Nothing further needs to be read!

bouncybunny

5:04 am on Mar 30, 2007 (gmt 0)

WebmasterWorld Senior Member 10+ Year Member



403d with extreme predjudice. ;)

keyplyr

2:40 am on Mar 31, 2007 (gmt 0)

WebmasterWorld Senior Member 10+ Year Member Top Contributors Of The Month



My experience shows that this UA requests and obeys robots.txt.

GaryK

2:58 am on Mar 31, 2007 (gmt 0)

WebmasterWorld Senior Member 10+ Year Member



My experience shows that this UA requests and obeys robots.txt.

Yep, it's very polite while it's stealing your content. ;)

keyplyr

7:24 am on Mar 31, 2007 (gmt 0)

WebmasterWorld Senior Member 10+ Year Member Top Contributors Of The Month



The point being, it's not necessary to 403 :)

GaryK

2:46 pm on Mar 31, 2007 (gmt 0)

WebmasterWorld Senior Member 10+ Year Member



I get a little odd when I'm under pressure like I am now to get three sites done at once. No offense was intended. I'm sure you know that but I just wanted to be sure. ;)

GaryK

11:38 pm on Apr 1, 2007 (gmt 0)

WebmasterWorld Senior Member 10+ Year Member



I've got RufusBot and a new one:

PiyushBot (Piyush Web Miner; [piyush.com...]

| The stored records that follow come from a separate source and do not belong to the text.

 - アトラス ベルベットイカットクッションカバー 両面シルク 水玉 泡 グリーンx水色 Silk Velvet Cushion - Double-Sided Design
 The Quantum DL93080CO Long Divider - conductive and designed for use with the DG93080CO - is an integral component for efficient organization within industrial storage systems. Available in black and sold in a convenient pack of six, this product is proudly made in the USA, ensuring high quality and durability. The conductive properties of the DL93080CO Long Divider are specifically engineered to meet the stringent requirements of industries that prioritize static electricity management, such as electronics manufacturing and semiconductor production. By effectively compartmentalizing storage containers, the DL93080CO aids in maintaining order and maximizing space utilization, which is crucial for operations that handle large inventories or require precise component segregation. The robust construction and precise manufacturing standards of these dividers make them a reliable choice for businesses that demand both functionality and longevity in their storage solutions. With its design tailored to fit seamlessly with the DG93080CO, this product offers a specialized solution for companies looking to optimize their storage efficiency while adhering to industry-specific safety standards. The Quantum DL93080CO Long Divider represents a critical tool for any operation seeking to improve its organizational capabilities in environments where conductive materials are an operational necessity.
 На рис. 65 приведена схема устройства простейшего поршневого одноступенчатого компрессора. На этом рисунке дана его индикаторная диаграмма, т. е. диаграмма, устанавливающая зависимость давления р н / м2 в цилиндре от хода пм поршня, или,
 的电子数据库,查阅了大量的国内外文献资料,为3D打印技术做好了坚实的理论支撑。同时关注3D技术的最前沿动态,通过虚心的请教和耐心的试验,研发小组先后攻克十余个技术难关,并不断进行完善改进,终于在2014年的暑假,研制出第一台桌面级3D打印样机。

both crawling my site from the same IP Address at the same time. Both read robots.txt. Neither one obeyed it.

Another interesting note. If you click on the URL in the UA you'll wind up at a page that looks like a bad spoof of a Network Solutions, website under construction page. Maybe it's the real thing but I really don't think so.

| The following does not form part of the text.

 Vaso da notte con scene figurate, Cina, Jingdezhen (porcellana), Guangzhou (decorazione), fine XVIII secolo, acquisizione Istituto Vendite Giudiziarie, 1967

<snip IP address and whois lookup data>

[edited by: volatilegx at 6:53 pm (utc) on April 2, 2007]
[edit reason] removed identifying info [/edit]

keyplyr

4:39 am on Apr 3, 2007 (gmt 0)

WebmasterWorld Senior Member 10+ Year Member Top Contributors Of The Month



My proactive rewrite rule blocking Web.?Miner works to stop PiyushBot.

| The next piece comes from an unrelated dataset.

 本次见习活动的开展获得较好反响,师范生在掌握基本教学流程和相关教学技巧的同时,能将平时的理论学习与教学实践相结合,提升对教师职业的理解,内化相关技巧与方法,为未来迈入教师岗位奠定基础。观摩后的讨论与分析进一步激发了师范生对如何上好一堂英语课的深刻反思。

Thanks for the heads-up concerning Rufusbot not obeying robots.txt. I've had it disallowed via robots.txt for a couple years and it's never requested any other files. Guess it's headed for a life of crime.

GaryK

5:25 am on Apr 3, 2007 (gmt 0)

WebmasterWorld Senior Member 10+ Year Member



I think Dan was a bit extreme in terms of the identifying info he deleted. It was the standard stuff we all post. My main point was that Webaroo was specifically mentioned in the WhoIs data for both bots.

volatilegx

8:39 pm on Apr 3, 2007 (gmt 0)

WebmasterWorld Senior Member 10+ Year Member



Gary, you're probably right. Sorry about that. It's easy to see it's linked to Webaroo by their own info. All I should have done was obfuscate the IP address.

GaryK

10:55 pm on Apr 3, 2007 (gmt 0)

WebmasterWorld Senior Member 10+ Year Member



Thanks Dan. :)

PiyushBot (Piyush Web Miner;*)
RufusBot (Rufus Web Miner;*)
SumeetBot (Sumeet Bot; *)
WebarooBot (Webaroo Bot;*)

These all seem to have a relationship to Webaroo.

So just a heads-up for anyone using "Web.?Miner" to trap Webaroo. The last two in that list don't follow the same pattern.

wilderness

11:00 pm on Apr 3, 2007 (gmt 0)

WebmasterWorld Senior Member 10+ Year Member Top Contributors Of The Month



The last two in that list don't follow the same pattern.

They follow this pattern Gary ;)

RewriteCond %{REMOTE_ADDR} ^64\.124\.122\.2(2[4-9]¦[3-5][0-9])$ [OR]

incrediBILL

5:29 pm on Apr 8, 2007 (gmt 0)

WebmasterWorld Senior Member 10+ Year Member Top Contributors Of The Month




Today it's called pulseBot, so those of you using robots.txt are just wasting your time.

I've said it before and I'll say it again, robots.txt is for GOOD spiders, firewalls are for all the rest.

Here's my complete list of their bot's User Agent strings:

64.124.122.228 "WebarooBot (Webaroo Bot; [64.124.122.252...]

64.124.122.228 "PiyushBot (Piyush Web Miner; [piyush.com...]

64.124.122.228 "RufusBot (Rufus Web Miner; [webaroo.com...]

64.124.122.228 "RufusBot (Rufus Web Miner; [64.124.122.252...]

64.124.122.228 "SumeetBot (Sumeet Bot; [64.124.122.252...]

64.124.122.228 "PsBot (PsBot; [64.124.122.252...]

64.124.122.228 "pulseBot (pulse Web Miner)"

GaryK

6:25 pm on Apr 8, 2007 (gmt 0)

WebmasterWorld Senior Member 10+ Year Member



Agreed Don. I have all of Webaroo banned at the firewall level. :)

Thanks for the last two Bill. I hadn't seem them before.

[edited by: GaryK at 6:26 pm (utc) on April 8, 2007]